**Problem to work on:** A line below contains "Sindy would fly", and a later one contains "Aster lateriflorus var.". Repeat both, with every line between them, exactly.

[Records from a data source]
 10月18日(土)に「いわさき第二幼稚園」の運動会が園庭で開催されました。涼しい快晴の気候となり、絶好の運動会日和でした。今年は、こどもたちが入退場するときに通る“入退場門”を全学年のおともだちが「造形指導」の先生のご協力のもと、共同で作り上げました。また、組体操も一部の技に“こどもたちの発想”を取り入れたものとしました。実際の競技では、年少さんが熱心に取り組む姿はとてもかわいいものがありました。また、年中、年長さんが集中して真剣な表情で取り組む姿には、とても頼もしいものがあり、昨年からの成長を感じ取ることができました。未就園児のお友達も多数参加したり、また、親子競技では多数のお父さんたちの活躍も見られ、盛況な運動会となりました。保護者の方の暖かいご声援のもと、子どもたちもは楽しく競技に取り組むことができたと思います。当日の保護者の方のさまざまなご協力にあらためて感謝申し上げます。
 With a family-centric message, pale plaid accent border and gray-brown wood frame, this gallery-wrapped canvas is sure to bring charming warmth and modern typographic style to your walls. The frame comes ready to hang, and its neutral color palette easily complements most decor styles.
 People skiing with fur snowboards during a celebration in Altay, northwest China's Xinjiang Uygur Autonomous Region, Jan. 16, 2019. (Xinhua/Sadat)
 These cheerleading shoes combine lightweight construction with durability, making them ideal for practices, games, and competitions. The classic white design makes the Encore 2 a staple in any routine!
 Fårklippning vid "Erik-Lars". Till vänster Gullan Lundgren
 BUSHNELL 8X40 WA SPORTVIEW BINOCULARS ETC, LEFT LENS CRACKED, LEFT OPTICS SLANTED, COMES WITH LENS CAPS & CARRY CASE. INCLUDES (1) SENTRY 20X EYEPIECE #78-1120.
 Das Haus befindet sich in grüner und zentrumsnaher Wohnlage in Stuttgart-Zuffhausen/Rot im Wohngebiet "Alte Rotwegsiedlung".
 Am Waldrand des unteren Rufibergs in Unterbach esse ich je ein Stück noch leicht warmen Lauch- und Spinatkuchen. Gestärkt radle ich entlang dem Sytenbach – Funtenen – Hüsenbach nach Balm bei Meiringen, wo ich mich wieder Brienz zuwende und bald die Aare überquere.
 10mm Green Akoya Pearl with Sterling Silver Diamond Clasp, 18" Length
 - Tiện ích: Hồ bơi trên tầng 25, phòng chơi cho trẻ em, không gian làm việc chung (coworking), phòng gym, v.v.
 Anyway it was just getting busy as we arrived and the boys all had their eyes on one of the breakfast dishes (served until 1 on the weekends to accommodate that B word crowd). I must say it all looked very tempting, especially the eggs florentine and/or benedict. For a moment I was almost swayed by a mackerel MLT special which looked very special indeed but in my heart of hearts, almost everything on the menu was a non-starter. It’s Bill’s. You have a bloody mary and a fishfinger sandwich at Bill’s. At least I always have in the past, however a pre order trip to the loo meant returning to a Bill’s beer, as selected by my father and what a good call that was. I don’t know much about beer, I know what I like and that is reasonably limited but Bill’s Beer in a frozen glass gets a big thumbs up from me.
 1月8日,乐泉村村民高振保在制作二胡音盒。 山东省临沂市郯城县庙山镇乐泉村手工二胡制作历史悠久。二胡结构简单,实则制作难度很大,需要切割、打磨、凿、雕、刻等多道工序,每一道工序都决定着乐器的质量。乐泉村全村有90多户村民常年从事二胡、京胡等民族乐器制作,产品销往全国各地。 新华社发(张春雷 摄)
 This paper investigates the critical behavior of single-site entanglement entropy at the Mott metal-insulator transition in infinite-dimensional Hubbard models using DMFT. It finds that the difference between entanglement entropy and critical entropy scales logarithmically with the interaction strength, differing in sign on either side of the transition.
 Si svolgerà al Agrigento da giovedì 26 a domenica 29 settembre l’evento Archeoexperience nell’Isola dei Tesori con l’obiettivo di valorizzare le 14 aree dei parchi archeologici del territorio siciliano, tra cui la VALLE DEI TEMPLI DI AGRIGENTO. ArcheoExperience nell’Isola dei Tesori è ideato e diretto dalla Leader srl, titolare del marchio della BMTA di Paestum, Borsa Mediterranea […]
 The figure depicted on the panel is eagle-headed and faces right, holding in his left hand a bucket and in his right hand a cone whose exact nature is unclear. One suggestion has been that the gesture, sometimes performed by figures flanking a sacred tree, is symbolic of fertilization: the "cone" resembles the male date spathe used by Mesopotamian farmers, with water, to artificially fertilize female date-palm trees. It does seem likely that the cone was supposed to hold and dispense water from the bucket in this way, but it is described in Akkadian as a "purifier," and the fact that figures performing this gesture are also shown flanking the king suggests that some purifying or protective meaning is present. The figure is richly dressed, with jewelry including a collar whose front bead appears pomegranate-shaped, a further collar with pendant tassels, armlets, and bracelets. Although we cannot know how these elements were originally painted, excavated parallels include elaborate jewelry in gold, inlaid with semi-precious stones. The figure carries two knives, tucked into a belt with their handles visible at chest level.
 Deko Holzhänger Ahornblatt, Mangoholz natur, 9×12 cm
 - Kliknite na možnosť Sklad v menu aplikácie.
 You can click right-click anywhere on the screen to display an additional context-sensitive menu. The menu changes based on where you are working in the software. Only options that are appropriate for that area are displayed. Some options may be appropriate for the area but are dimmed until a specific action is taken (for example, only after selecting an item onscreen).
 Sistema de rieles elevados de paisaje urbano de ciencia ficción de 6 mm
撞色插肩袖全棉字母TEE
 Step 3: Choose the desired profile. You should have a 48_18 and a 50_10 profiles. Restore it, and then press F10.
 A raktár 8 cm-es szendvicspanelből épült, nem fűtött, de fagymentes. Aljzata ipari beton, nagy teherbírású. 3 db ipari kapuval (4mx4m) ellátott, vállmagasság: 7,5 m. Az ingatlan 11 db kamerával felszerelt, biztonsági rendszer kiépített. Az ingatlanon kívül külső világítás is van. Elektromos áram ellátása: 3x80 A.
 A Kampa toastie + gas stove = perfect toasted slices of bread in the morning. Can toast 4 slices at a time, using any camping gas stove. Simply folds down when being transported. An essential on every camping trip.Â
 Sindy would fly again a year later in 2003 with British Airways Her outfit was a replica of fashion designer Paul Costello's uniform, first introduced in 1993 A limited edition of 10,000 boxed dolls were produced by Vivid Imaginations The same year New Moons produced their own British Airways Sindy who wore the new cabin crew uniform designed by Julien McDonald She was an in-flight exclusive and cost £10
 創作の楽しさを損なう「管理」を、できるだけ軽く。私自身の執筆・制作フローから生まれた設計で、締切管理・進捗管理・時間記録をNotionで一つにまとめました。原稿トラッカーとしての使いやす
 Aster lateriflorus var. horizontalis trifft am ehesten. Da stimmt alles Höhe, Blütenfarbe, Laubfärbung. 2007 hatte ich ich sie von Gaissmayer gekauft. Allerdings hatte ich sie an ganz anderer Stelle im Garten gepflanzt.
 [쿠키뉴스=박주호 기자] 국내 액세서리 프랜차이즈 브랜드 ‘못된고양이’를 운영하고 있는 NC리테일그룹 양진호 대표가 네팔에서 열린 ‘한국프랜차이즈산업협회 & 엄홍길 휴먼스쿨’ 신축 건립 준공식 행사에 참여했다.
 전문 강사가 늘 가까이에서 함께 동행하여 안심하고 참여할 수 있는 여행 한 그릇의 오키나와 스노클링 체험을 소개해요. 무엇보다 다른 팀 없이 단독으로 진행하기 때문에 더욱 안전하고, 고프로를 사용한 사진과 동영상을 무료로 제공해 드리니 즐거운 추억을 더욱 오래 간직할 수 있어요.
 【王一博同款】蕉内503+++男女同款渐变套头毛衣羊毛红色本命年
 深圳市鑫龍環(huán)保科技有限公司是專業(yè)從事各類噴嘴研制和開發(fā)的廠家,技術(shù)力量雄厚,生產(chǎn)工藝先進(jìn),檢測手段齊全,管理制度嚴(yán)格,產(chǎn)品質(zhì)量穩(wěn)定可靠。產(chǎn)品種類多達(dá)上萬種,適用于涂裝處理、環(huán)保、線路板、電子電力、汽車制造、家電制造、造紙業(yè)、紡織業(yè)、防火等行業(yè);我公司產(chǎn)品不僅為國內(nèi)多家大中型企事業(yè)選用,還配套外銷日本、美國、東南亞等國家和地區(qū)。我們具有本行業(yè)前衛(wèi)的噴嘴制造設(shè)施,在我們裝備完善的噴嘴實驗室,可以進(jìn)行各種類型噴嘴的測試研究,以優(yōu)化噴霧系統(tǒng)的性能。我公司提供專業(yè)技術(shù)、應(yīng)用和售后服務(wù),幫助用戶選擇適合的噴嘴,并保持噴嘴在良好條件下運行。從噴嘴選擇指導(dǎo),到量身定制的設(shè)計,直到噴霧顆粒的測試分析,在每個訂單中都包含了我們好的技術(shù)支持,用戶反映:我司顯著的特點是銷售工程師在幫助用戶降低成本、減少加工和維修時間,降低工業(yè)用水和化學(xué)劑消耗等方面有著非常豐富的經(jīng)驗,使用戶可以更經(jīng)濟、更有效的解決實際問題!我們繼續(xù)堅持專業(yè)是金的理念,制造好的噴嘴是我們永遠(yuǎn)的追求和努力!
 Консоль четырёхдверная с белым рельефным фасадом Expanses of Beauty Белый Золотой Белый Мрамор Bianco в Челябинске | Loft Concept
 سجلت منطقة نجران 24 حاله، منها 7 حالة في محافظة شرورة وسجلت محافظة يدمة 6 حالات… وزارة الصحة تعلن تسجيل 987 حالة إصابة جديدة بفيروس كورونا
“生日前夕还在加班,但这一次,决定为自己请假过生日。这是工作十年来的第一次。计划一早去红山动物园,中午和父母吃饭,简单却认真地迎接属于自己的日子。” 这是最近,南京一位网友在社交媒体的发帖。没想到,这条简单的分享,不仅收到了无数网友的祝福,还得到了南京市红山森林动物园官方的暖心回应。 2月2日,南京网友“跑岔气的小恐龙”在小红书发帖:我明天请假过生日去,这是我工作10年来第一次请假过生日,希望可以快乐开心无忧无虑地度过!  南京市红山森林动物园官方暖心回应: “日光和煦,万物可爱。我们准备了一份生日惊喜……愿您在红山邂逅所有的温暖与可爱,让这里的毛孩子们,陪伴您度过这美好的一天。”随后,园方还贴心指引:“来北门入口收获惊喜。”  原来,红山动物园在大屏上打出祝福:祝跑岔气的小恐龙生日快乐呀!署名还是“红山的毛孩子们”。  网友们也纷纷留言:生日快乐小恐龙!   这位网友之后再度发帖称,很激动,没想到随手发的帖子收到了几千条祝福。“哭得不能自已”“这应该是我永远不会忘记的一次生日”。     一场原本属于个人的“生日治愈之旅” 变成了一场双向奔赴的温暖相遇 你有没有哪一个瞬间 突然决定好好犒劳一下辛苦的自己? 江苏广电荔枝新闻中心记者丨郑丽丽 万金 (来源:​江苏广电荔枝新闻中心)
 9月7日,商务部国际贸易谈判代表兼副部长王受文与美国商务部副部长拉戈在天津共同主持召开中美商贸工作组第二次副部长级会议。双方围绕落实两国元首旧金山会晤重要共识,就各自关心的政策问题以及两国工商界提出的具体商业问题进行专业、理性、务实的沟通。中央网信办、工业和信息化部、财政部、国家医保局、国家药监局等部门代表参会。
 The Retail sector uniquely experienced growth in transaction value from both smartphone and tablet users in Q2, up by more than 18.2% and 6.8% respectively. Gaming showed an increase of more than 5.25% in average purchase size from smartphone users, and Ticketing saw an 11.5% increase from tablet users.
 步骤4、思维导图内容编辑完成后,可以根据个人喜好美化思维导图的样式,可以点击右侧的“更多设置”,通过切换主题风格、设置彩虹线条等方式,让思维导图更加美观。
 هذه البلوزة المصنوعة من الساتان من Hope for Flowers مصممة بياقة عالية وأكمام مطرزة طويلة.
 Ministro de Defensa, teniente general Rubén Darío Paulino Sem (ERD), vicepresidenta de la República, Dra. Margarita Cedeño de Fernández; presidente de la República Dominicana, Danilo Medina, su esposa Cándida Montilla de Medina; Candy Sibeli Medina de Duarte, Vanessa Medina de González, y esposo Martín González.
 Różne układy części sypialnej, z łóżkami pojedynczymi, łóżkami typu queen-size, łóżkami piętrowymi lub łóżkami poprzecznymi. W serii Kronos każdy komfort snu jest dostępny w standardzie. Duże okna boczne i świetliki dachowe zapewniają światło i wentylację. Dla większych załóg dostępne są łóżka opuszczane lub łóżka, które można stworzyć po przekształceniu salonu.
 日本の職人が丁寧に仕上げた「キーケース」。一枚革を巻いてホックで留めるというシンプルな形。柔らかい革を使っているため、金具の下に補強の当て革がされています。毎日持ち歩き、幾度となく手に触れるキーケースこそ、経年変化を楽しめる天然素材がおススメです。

**Finished exercise:**
 Sindy would fly again a year later in 2003 with British Airways Her outfit was a replica of fashion designer Paul Costello's uniform, first introduced in 1993 A limited edition of 10,000 boxed dolls were produced by Vivid Imaginations The same year New Moons produced their own British Airways Sindy who wore the new cabin crew uniform designed by Julien McDonald She was an in-flight exclusive and cost £10
 創作の楽しさを損なう「管理」を、できるだけ軽く。私自身の執筆・制作フローから生まれた設計で、締切管理・進捗管理・時間記録をNotionで一つにまとめました。原稿トラッカーとしての使いやす
 Aster lateriflorus var. horizontalis trifft am ehesten. Da stimmt alles Höhe, Blütenfarbe, Laubfärbung. 2007 hatte ich ich sie von Gaissmayer gekauft. Allerdings hatte ich sie an ganz anderer Stelle im Garten gepflanzt.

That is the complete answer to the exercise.